Start of Data records

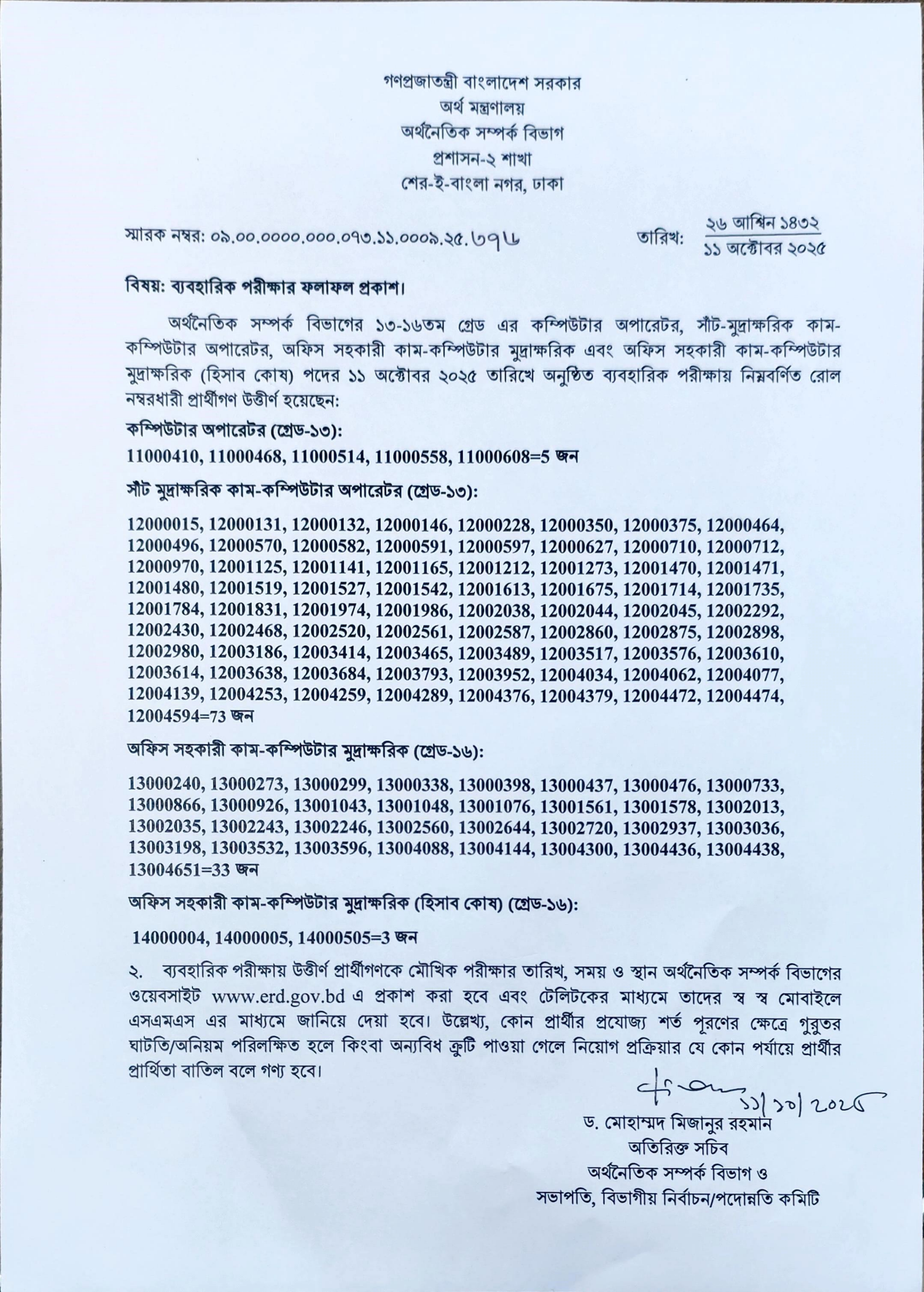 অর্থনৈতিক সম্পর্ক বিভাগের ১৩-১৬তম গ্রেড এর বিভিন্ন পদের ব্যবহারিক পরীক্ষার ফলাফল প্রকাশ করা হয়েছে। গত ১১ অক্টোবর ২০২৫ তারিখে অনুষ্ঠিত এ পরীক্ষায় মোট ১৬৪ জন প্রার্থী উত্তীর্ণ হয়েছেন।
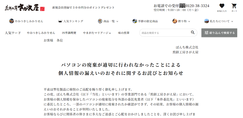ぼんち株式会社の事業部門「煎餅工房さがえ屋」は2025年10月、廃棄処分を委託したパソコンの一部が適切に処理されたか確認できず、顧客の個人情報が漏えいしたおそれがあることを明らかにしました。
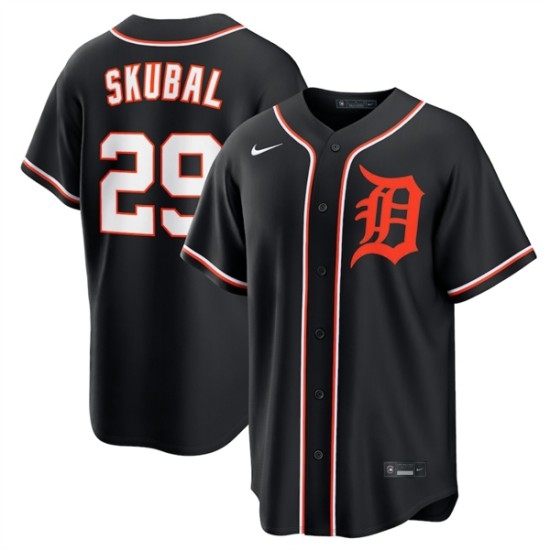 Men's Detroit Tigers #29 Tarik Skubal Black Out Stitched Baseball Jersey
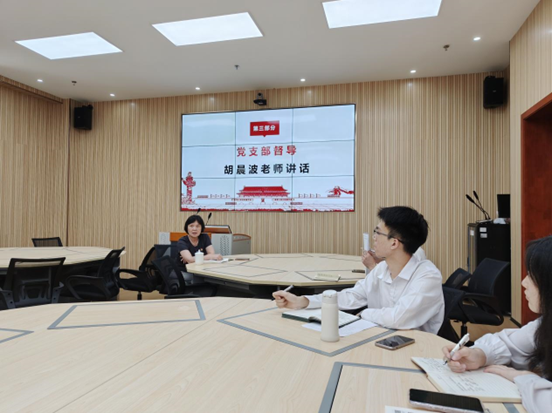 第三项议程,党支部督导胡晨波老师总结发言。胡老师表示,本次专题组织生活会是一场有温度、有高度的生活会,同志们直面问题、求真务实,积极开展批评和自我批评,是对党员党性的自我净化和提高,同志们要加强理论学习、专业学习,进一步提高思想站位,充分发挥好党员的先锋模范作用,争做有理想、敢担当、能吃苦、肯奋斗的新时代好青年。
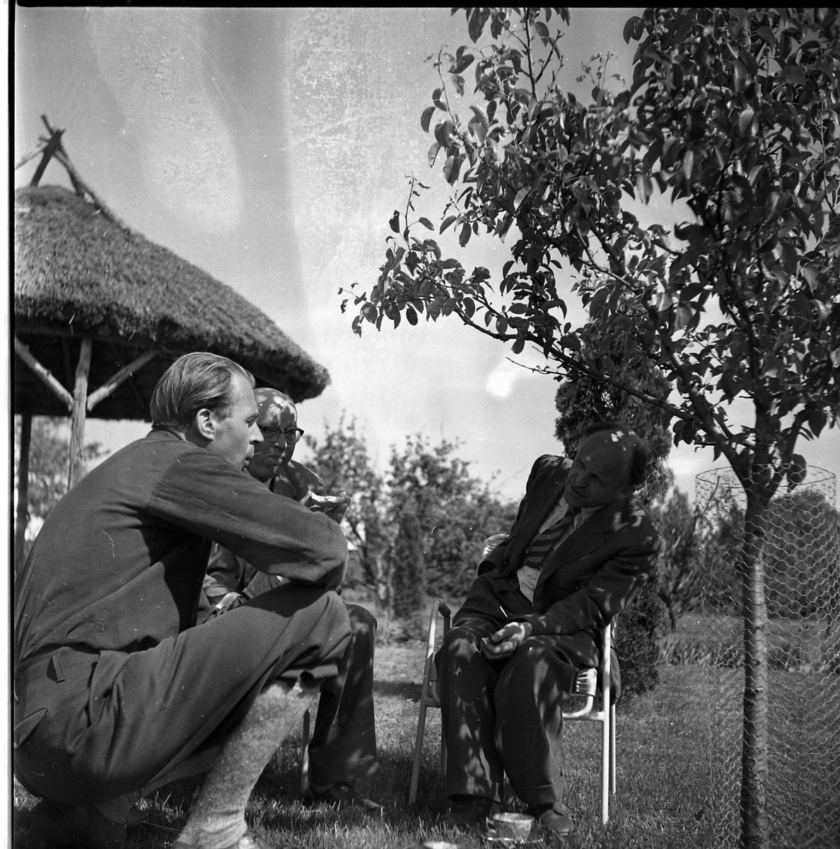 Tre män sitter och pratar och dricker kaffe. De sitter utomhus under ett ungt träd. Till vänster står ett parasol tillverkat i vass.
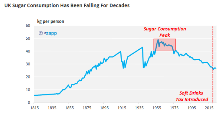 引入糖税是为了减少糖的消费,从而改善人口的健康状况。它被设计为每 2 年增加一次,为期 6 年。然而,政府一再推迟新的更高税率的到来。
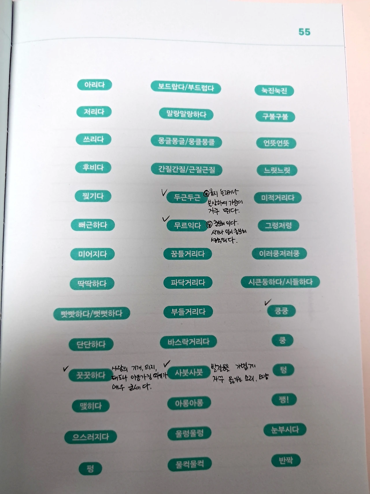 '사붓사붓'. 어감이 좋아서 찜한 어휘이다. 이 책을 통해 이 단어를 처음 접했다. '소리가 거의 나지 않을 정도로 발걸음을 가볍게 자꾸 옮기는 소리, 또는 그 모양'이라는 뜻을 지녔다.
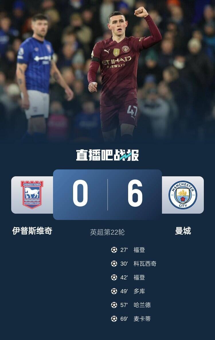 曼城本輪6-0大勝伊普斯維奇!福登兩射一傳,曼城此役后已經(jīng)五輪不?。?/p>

End of Data records
Start of Data records

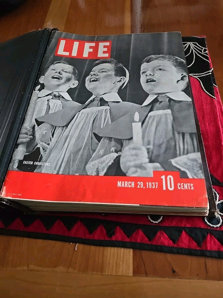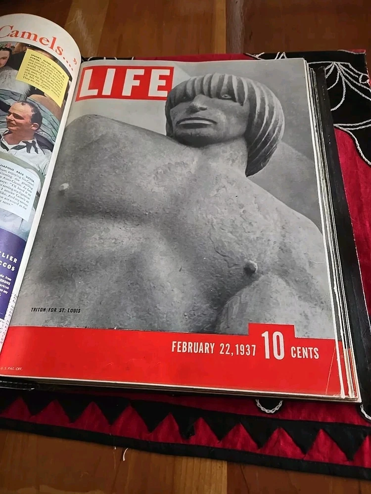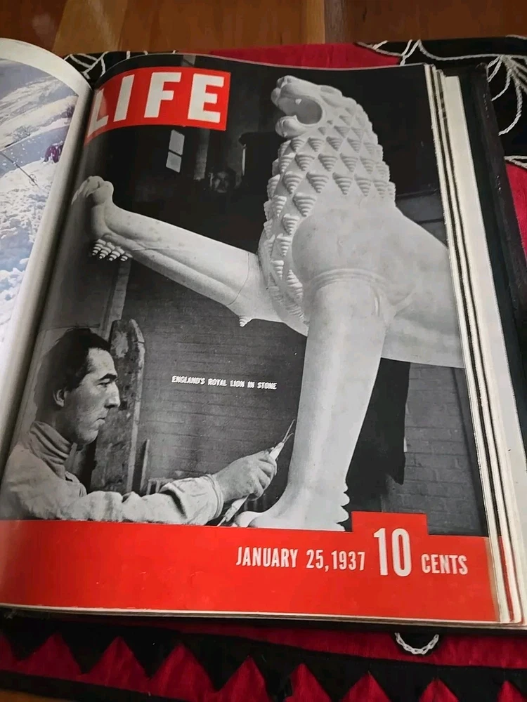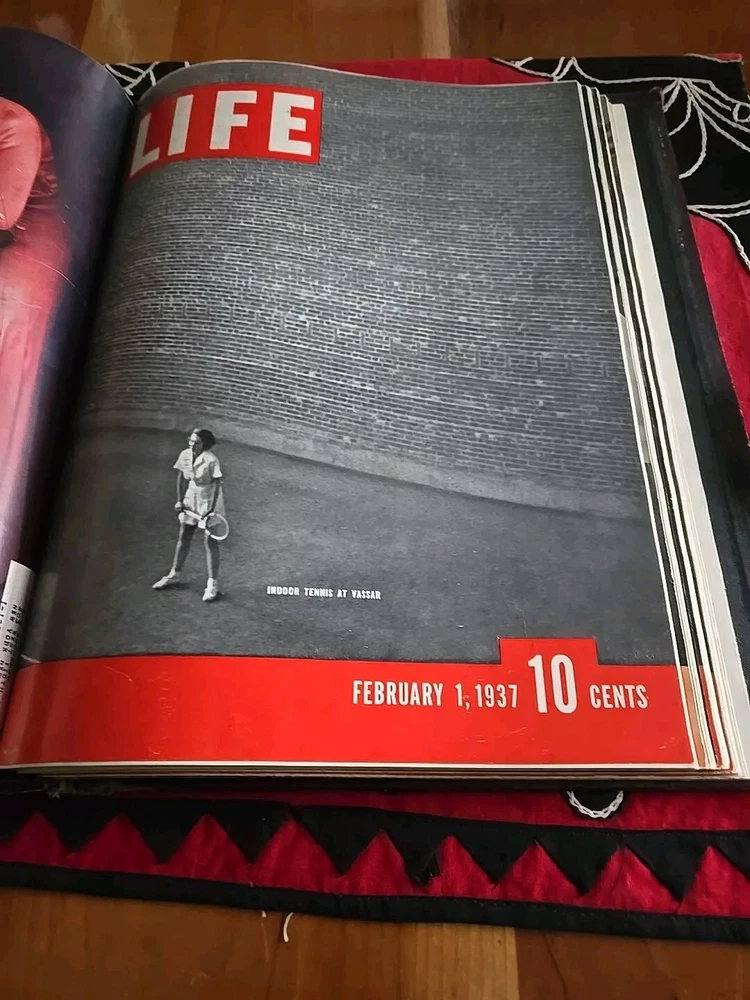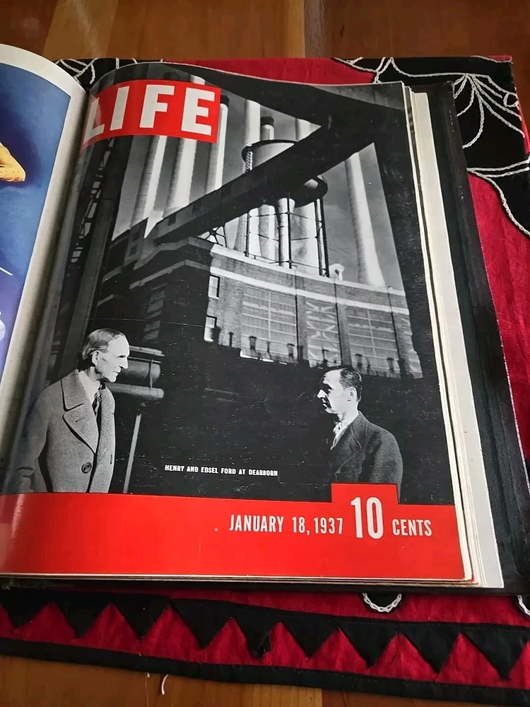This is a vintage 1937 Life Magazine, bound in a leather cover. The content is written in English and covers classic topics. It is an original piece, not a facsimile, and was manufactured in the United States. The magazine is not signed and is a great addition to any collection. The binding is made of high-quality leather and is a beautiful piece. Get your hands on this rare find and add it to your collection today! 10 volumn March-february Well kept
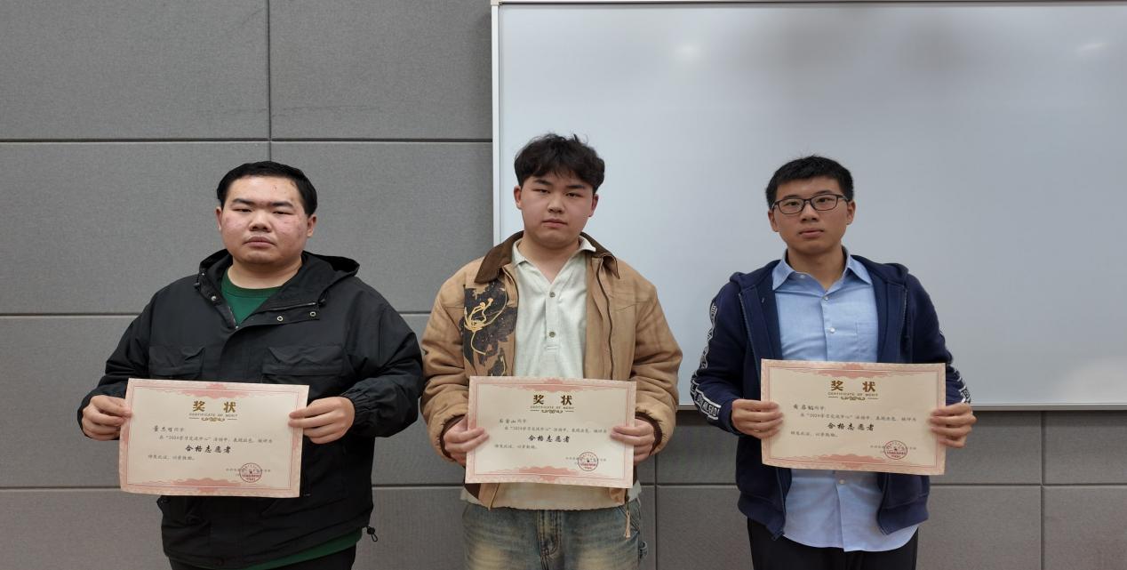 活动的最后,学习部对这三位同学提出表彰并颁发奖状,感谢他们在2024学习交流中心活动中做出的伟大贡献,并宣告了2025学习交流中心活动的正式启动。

End of Data records
Start of Data records

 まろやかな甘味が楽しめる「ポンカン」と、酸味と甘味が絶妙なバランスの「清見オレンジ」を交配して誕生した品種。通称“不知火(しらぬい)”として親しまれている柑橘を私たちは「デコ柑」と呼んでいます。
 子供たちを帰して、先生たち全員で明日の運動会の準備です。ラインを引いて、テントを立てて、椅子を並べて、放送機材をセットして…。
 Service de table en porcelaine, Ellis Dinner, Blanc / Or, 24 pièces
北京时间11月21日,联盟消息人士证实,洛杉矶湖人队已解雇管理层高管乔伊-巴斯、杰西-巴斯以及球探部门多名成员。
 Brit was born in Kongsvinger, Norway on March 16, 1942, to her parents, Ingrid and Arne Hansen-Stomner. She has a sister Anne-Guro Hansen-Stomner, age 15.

End of Data records

### Your instructions
Go through the listing above and write out exactly the lines starting with the one holding "子供たちを帰して、先生たち全" and running through the one holding "北京时间11月21日,联盟消", ends included, and no others.

### Task result
 子供たちを帰して、先生たち全員で明日の運動会の準備です。ラインを引いて、テントを立てて、椅子を並べて、放送機材をセットして…。
 Service de table en porcelaine, Ellis Dinner, Blanc / Or, 24 pièces
北京时间11月21日,联盟消息人士证实,洛杉矶湖人队已解雇管理层高管乔伊-巴斯、杰西-巴斯以及球探部门多名成员。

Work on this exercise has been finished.